After six-eight months (depending upon the season), the faeces decompose and are used in agricultural fields as humanure. So is urine, though directly, but only after the dilution (in 1:5 or 1:7 urine-water ratio) as a substitute for urea. Urine contains nitrogen, potassium and phosphorous essential for plant growth.
The phaydemand shauchalays in Naya Tola Bhishambharpur have withstood four flood seasons, and continue to remain accessible.
Phaydemand shauchalay follows above-ground excreta management and has a sustained use before, during and after floods. In addition, the disposal of excreta in soils and water is completely stopped, thereby helping in source (groundwater and surface water) protection. Faecal management happens in the sanitation unit itself, eliminating the need for other structures for sewage treatment.
Different design models are possible based on the location, land availability and financial resources. The compost or ‘humanure’ is handled by family members and is used directly in the agricultural fields and kitchen gardens.
One of the salient features of phaydemand shauchalay is that the entire facility is above ground. It comprises three structural parts: Foundation, plinth, sub-structure including faecal chambers and squatting pan (with space for back wash, faecal collection and urine diversion) and super-structure.

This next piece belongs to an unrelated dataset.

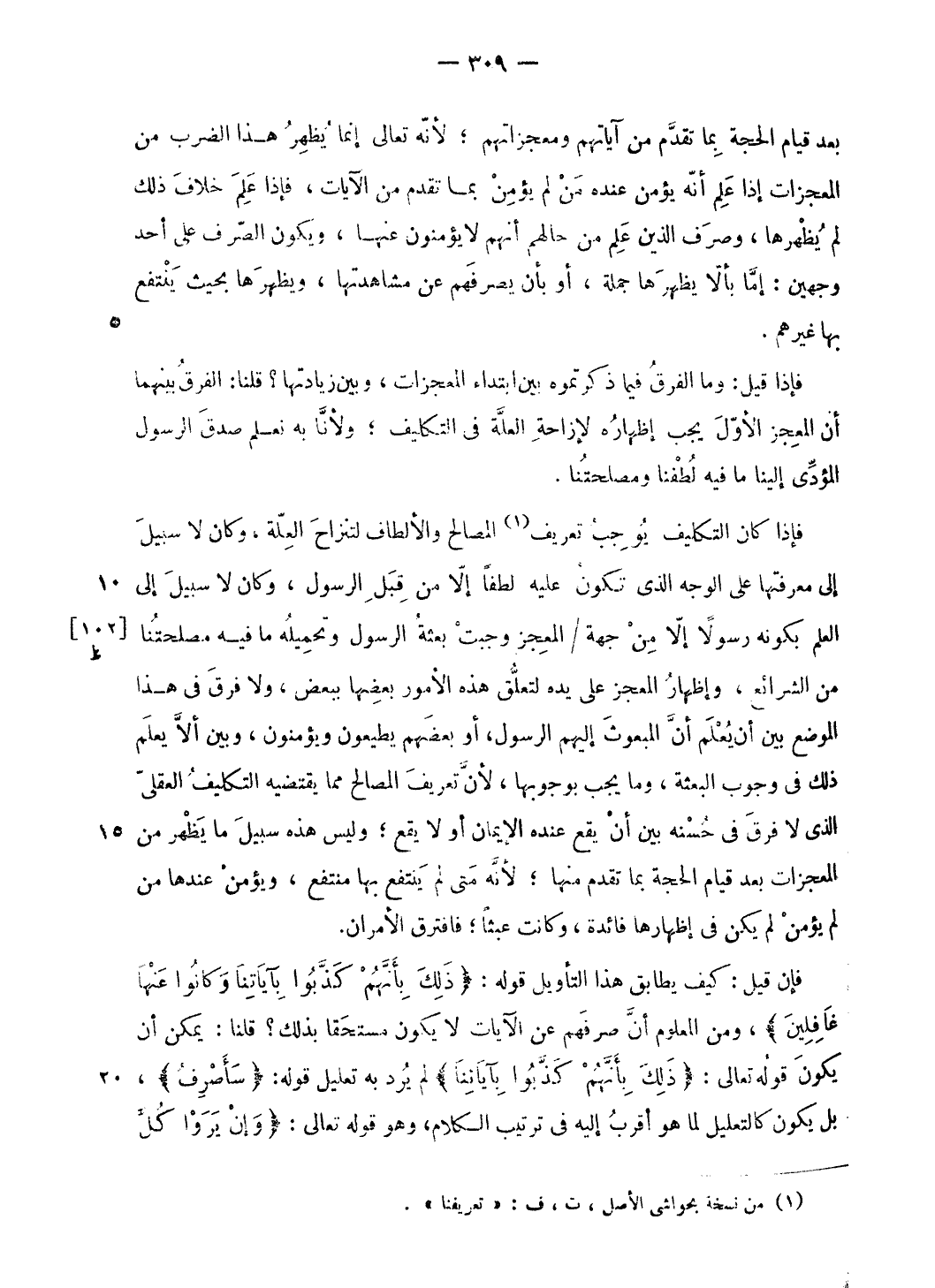 فإذا قيل: وما الفرق فيما ذكرتموه بين ابتداء المعجزات، وبين زيادتها؟ قلنا: الفرق بينهما أن المعجز الأوّل يجب إظهاره لإزاحة العلّة فى التكليف؛ ولأنّا به نعلم صدق الرسول المؤدّى إلينا ما فيه لطفنا ومصلحتنا.

The location should be close to the house / kitchen garden and receive direct sunlight. In flood-prone regions, the toilet should be elevated. Similar process was followed while constructing the toilets in Naya Tola Bhishambharpur.
Once the site is identified, the construction of foundation and plinth begins. Along the required dimensions, a foundation is dug 1-1.5 feet deep. It is then compacted with brickbats, following which the plinth is raised. In flood-prone areas, the plinth level has been raised to 1-1.5 feet above the highest flood level in the last 25 years. After the construction of the foundation and plinth, it is filled with soil and compacted.

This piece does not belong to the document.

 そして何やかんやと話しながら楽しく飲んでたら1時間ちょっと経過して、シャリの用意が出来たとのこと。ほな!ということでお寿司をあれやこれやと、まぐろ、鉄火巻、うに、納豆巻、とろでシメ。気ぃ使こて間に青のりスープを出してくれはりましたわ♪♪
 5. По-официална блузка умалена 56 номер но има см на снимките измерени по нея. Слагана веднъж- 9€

A reinforced cement concrete band is laid over the plinth to strengthen it. The substructure is built over this.
Overlaying the recurring floods with the sanitation technology is critical to meet the objectives and ultimate goal of ODF. As stated earlier, this will mean planning for sanitation sustainability, given the vulnerability to floods.
In addition, there should also be focus on ecological sustainability of sanitation tailored to meet the challenges posed by floods. Any future activity that needs to be planned and implemented in north Bihar for sustainability of sanitation would have to address the challenge posed by floods and the threat of contamination.